About a week ago, when I was on my way home from church, I was listening to the local NPR station in the car. There was a discussion among the host and guest TV, movie critics about the new season of HBO’s show Succession. I was passively listening as the critics dissected and analyzed the characteristics. A brief intermission followed, during which NPR played a small segment from the show’s soundtrack. I was blown away. It was as if I stepped into a different dimension of the universe. The gentle and graceful melody flows effortlessly in every direction. It stumbles, falls, and almost disintegrates into dissonant and brutal off-scale notes and chords. The theme twists and turns as it tries to find its way around these obstacles. It continues to flow and radiate with resilience and determination. This was enough to make me intrigued and curious about checking out the show. Succession is about an enormously wealthy Manhattanite family. They have everything – money, power, influence and social status. Yet, their fractured lives and relationships lack the most crucial and essential element necessary for a human being – joy.

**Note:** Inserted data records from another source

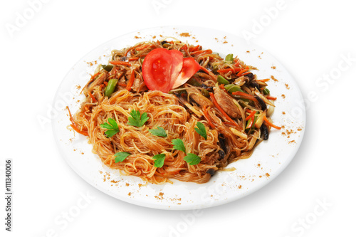 dish, vegetable, noodle, food, epicure, vermicelli, asian, rice, stir, cookery, thai, siam, lunch, white, dinner, onion, delicious, green, chinese, plate, meal, wooden, asia, closeup, oriental, red, brown, horizontal, eatery, healthy, up high, fresh, sauce, spinach, carrot, still life, fried, tomatoes, parsley, isolated, background, pepper, transparent, vegetarian, mushroom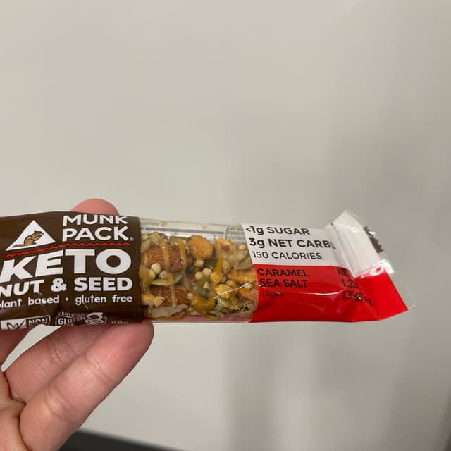 Wow, this nut and seed bar is quite good! Love the texture of the nuts and seeds with the caramel layer. Very satisfying. Not very sweet. I could enjoy a touch more sweetness but I suppose that would disrupt the “keto” aspect. A nice snack. Will scoop up again if on sale.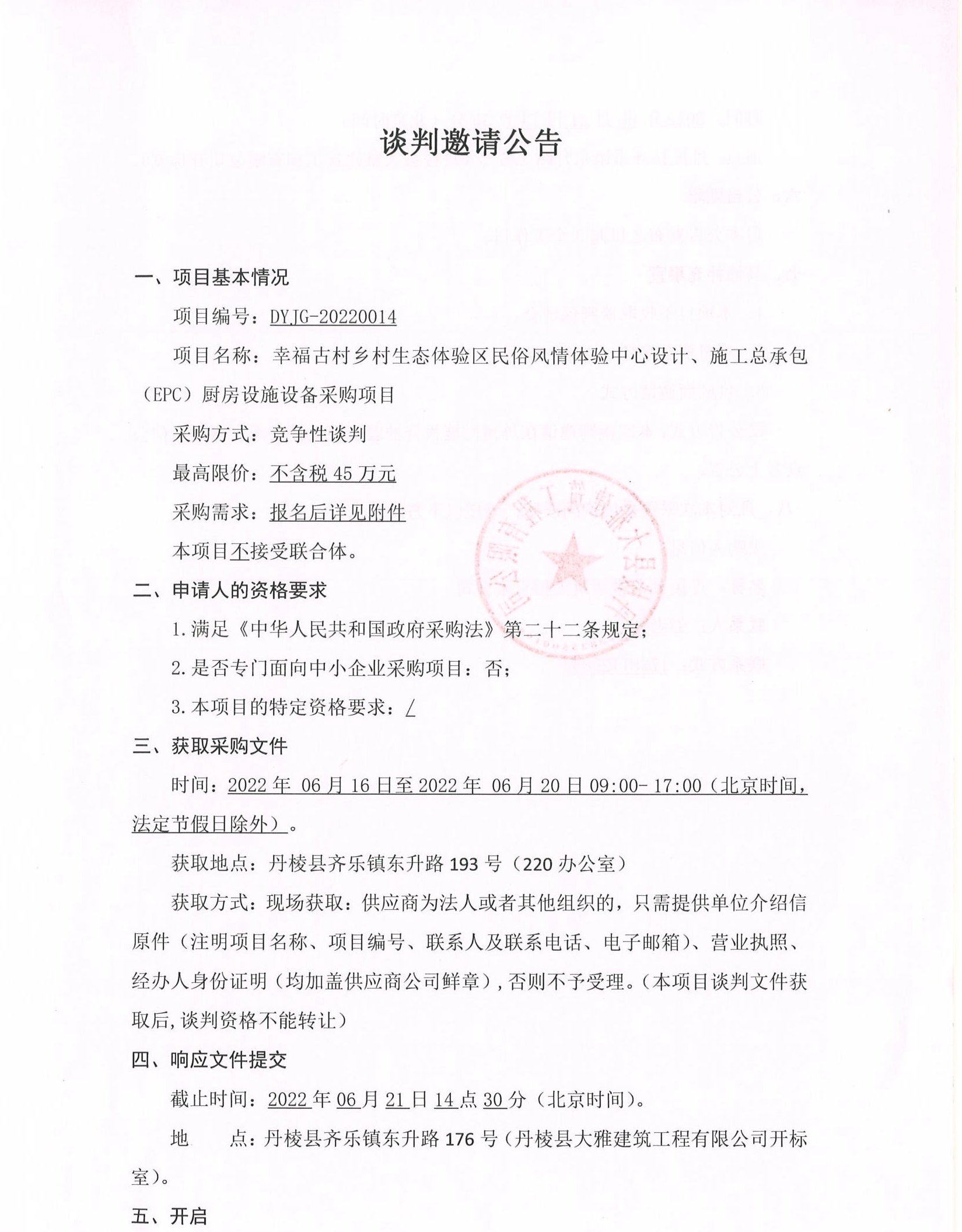 幸福古村鄉(xiāng)村生態(tài)體驗區(qū)民俗風情體驗中心設計、施工總承包(EPC)廚房設施設備采購項目談判邀請公告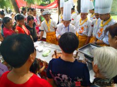 8月18日上午,广西华南烹饪技工学校携手南宁电视台《新闻社区》栏目,一同来到南宁市新竹社区,为社区的居民展示烹饪技法。 活动刚刚开始社区居民就围绕在展台前 今天的主题是教社区居民如何制作花式饺子,饺子做为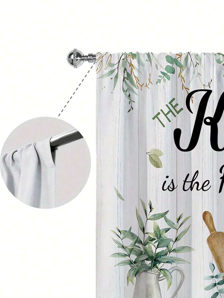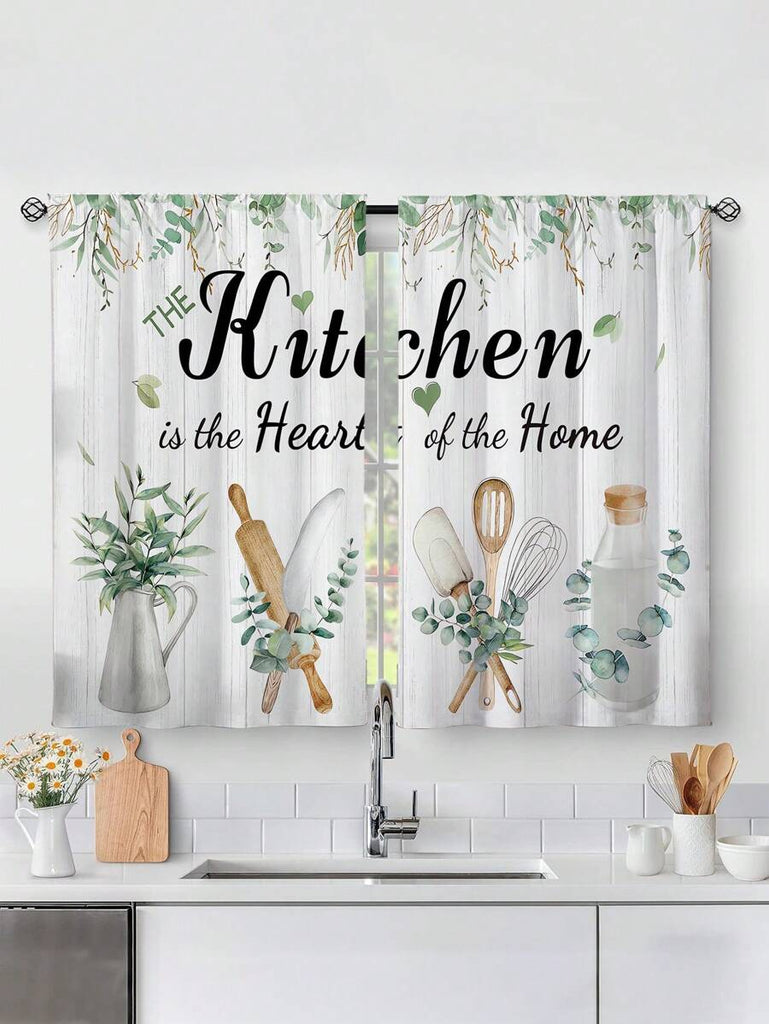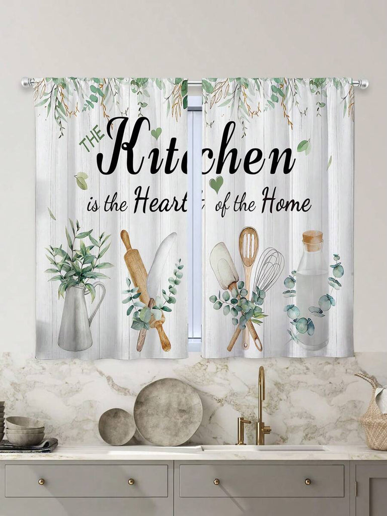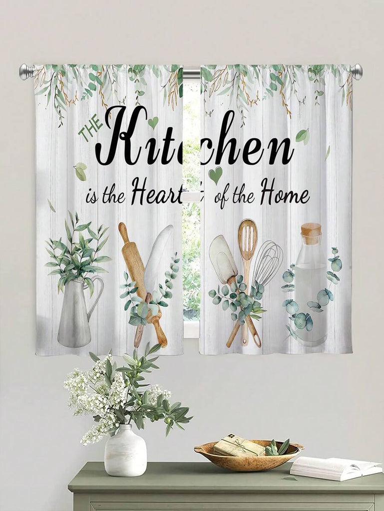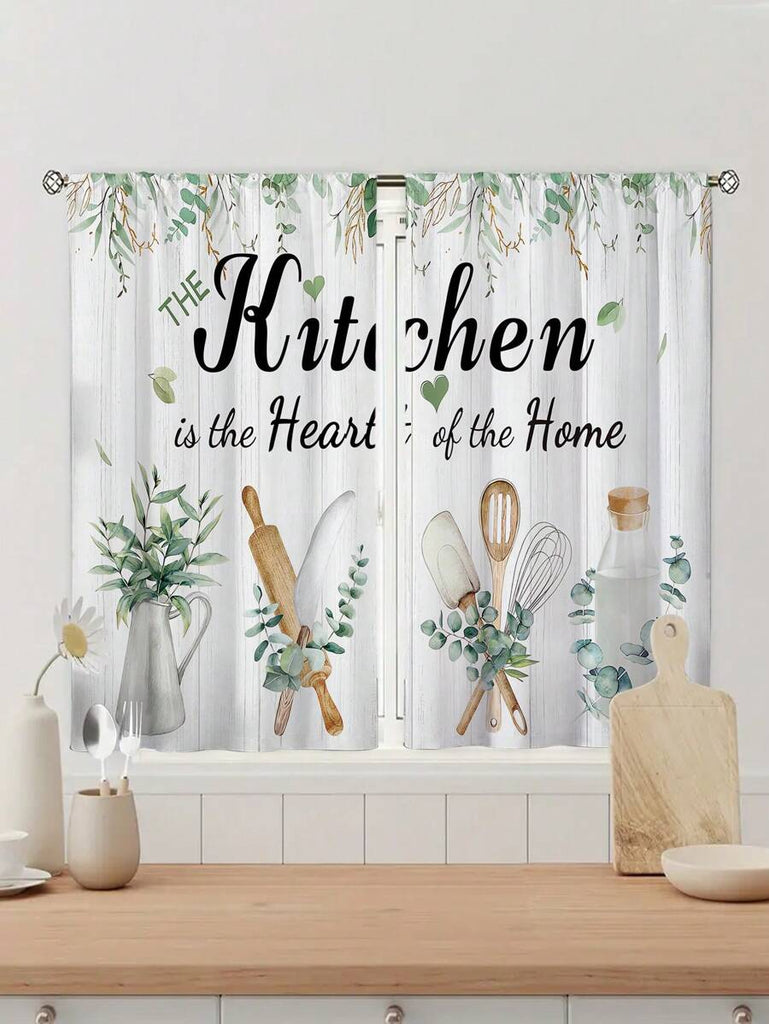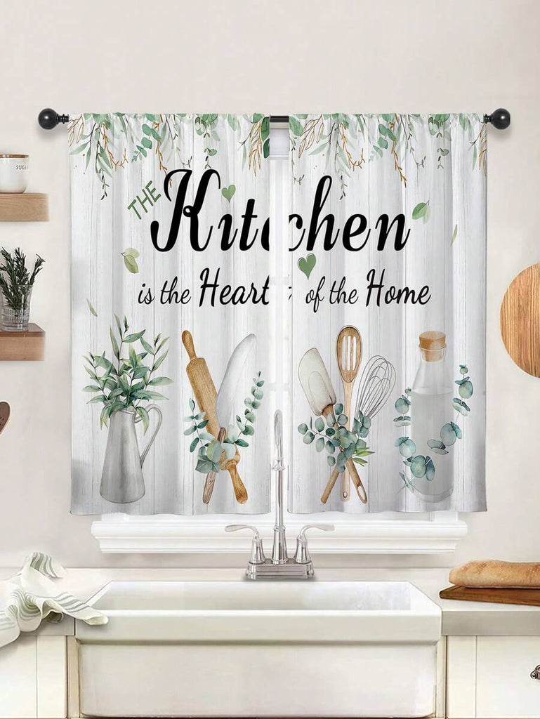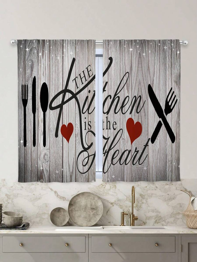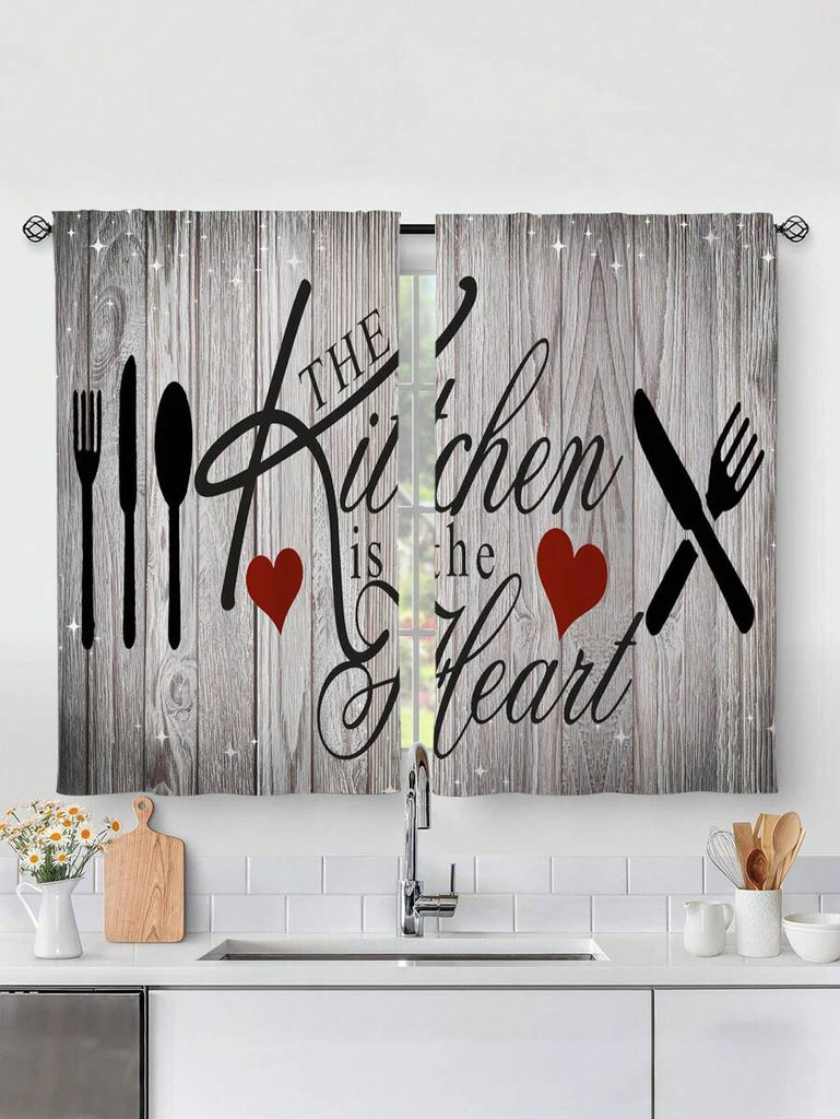 2pcs Retro European Cutlery Printed Kitchen Curtain,Without Holes Curtain, Refer To Bedroom Office Kitchen Living Room Study Home Decor

In today’s Scripture reading from St. Paul’s letter to Philippians, we read the following statement, “In all my prayers for all of you, I always pray with joy” (Philippians 1:4). ALWAYS praying with JOY, imagine the depth and profound significance of this statement. Inner joy is an essential part and particle of living and genuine faith. Our Lord taught us that He came to this world so we might have joy (see John 15:11). Augustine wrote that the reason God created the universe and humanity was to share his joy with us (see A Select Library of the Nicene and Post-Nicene Fathers of the Christian Church, ed. Philip Schaff, vol. 3, Grand Rapids, MI: Eerdmans, 1979). Joy is an important part of Armenian spirituality. The Armenian Church incorporated it into the very fabric of the Badarak. We find multiple references and mentions of joy even in the preparation and vesting prayers of the celebrant priest. Joy is the main theme of Psalm 100 chanted at the very beginning of the Badarak, “Make a shout to the Lord, all lands; serve the Lord with gladness. Enter into his presence with joy; know that he is the Lord our God.”

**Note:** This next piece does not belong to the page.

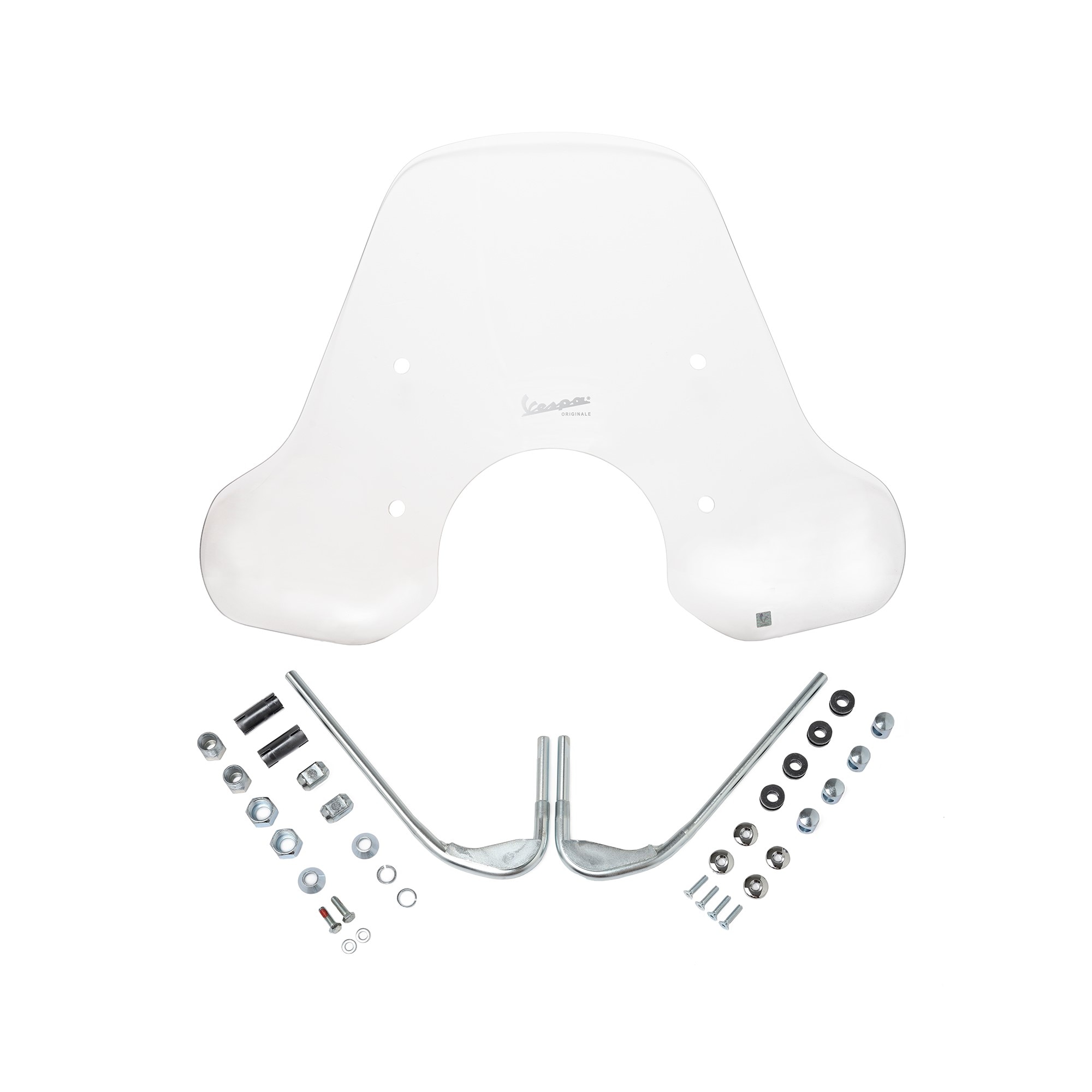 Windshield made of impact-resistant methacrylate. High-quality and robust production. The design of the brackets is matched to the Vespa. Guaranteed protection from wind and weather.

Without joy, everything we do – praying, participating in Badarak, serving in the church organizations – becomes a mere choir, a task and even a burden. Surely, we want our spiritual experience and service to the church to be joyful. So why is such a crucial component of faith as joy so elusive, hard to reach and achieve? How can we have joy in our lives? How can we, too, like the apostle Paul, pray and live with joy?

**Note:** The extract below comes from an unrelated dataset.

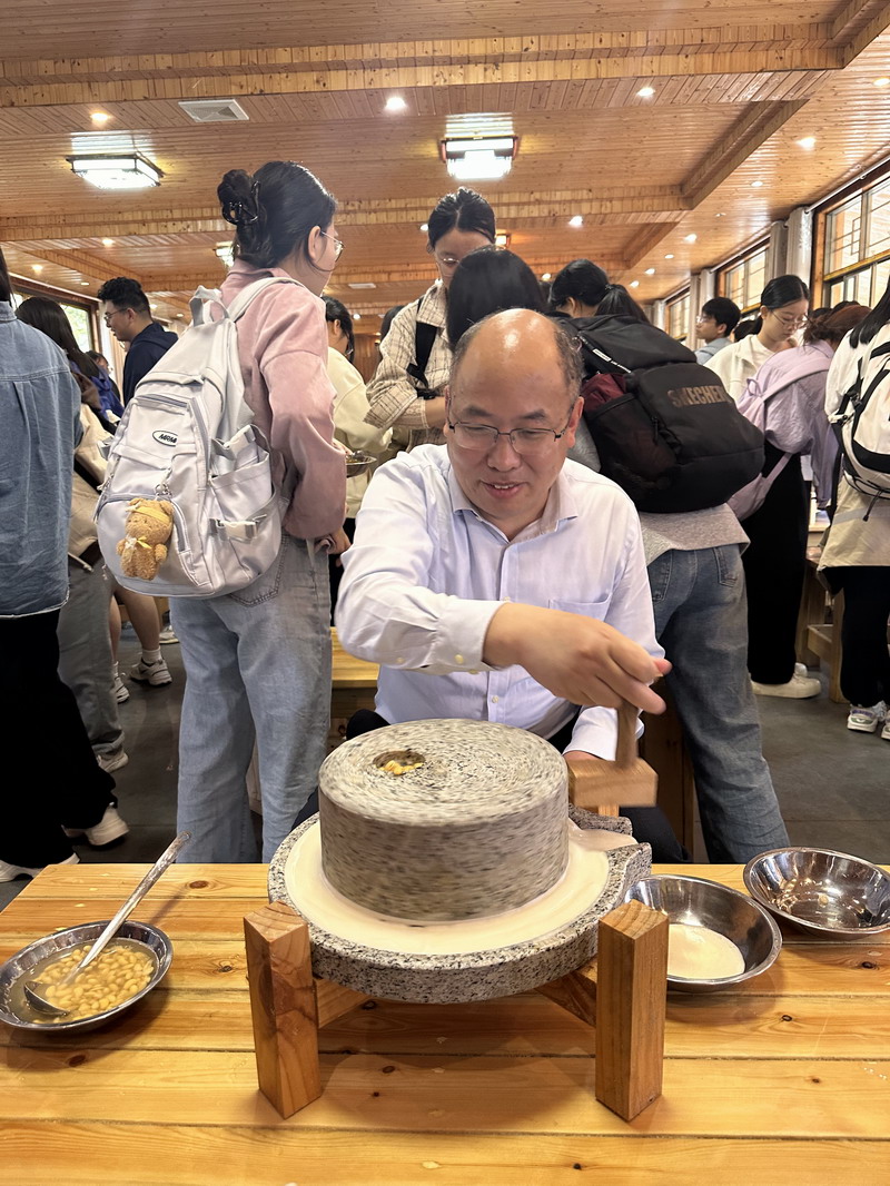 参与课程实践的老师和同学们在仪式结束后开启了充实的“非遗体验日”。师生们首先来到“庐山石磨体验馆”,在学习了石磨碫制技艺的相关知识后,用非遗传承人黄森林亲手碫制的石磨磨制了豆浆,亲手将豆浆过筛、生火煮制豆浆并于午餐亲口品尝了自己的劳动果实。同时,师生们还在午餐中品尝到了非遗项目“星子八大碗”和海庐创新特制的“庐山云雾茶餐”,在品尝美食的同时深入了解了每道菜的寓意,也开拓了思维,体会到了“茶+餐饮”的别样搭配。

We know that we cannot simply command ourselves to be joyful. But we can choose where to focus and anchor our lives. We can center our lives on things that perish and lead to disappointment and grief or focus on the Lord. By turning to God we are also turning to the source of all joy. When we deliberately choose to focus on the Lord, we will find that we will always have a great reason to be joyful (see Fr. Anthony Coniaris, Holy Joy: The Heartbeat of Faith, pp. 59-60).
One spiritual discipline that is tremendously helpful in helping us to switch the focus of our lives towards God and joy is prayer. Prayer is not simply talking to God but also an opportunity for God to transform our hearts and minds. Slowly and continuously prayerful life draws us near the rays of divine joy. It transforms our worldview, our perspective of life, self, and God. Prayer helps our spiritual eyes to see and recognize all the wonderful things that God has done for us out of his abundant love. The realization of how much and how deeply we are loved by God feels us with joy. This joy is fundamentally different from simply feeling gladness and happiness, it transcends the realities and circumstances of our lives. It is divine and can’t be disrupted by any disappointment and setback we might encounter in life. Then we too can, like the apostle Paul, pray and feel the divine joy every time we do so, in every breath we take, in all our thoughts, in words we utter, in decisions we make and actions we embrace, amen.